» **Work instructions**
In the data below, find the line with "您想知道寶寶磨牙有什么危害嗎" and the line with "座談前,呂強(qiáng)一", then restate both and every line between them exactly, minus the pictures.

» **The input**
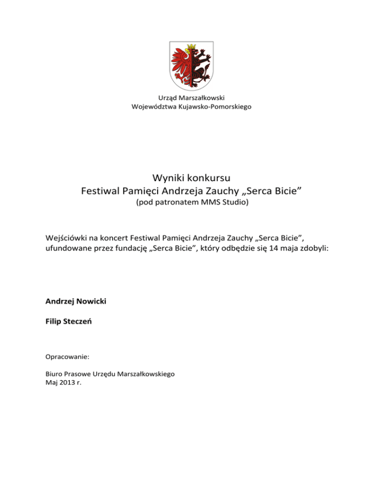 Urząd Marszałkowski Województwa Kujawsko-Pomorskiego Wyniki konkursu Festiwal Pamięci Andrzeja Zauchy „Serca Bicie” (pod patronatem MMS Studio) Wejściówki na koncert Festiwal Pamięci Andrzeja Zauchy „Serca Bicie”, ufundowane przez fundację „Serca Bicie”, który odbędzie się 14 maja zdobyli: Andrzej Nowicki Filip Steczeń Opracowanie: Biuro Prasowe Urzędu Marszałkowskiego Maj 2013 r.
--
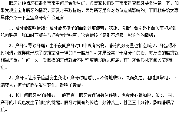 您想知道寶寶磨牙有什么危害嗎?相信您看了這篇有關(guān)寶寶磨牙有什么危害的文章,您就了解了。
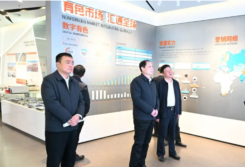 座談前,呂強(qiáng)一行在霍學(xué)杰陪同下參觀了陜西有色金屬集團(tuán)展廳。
--
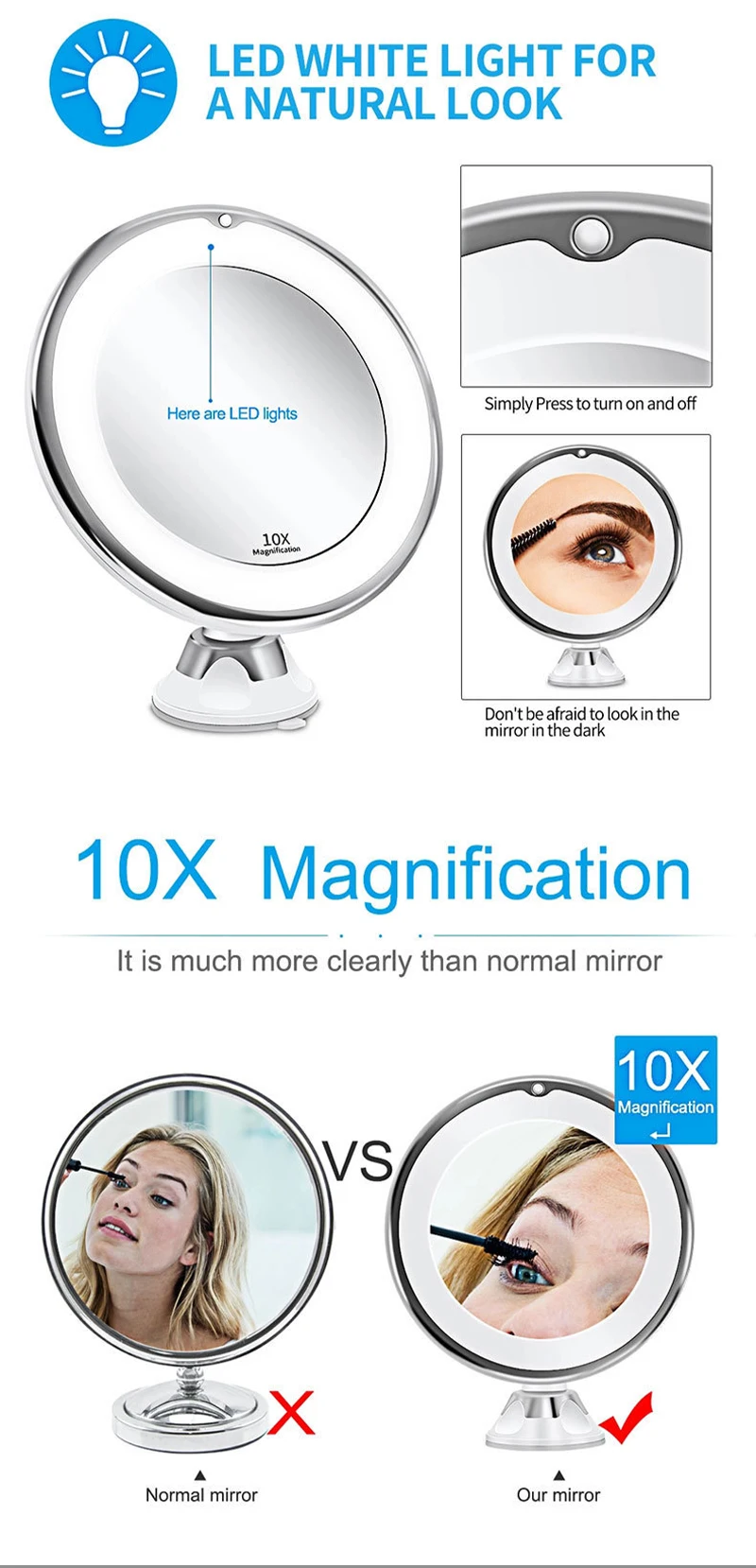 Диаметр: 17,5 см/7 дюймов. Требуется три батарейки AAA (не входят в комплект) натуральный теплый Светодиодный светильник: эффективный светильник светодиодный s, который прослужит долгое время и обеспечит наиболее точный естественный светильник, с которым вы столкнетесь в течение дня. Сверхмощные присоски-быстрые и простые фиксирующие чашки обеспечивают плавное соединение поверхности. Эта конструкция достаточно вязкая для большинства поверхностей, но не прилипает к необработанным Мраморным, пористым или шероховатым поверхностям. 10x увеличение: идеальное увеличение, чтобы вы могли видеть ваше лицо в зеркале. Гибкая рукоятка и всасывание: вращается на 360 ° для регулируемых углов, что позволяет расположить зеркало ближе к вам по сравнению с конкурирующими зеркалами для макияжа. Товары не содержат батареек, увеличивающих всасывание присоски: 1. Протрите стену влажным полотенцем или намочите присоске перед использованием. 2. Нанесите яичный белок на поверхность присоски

» **Written response**
 您想知道寶寶磨牙有什么危害嗎?相信您看了這篇有關(guān)寶寶磨牙有什么危害的文章,您就了解了。
 座談前,呂強(qiáng)一行在霍學(xué)杰陪同下參觀了陜西有色金屬集團(tuán)展廳。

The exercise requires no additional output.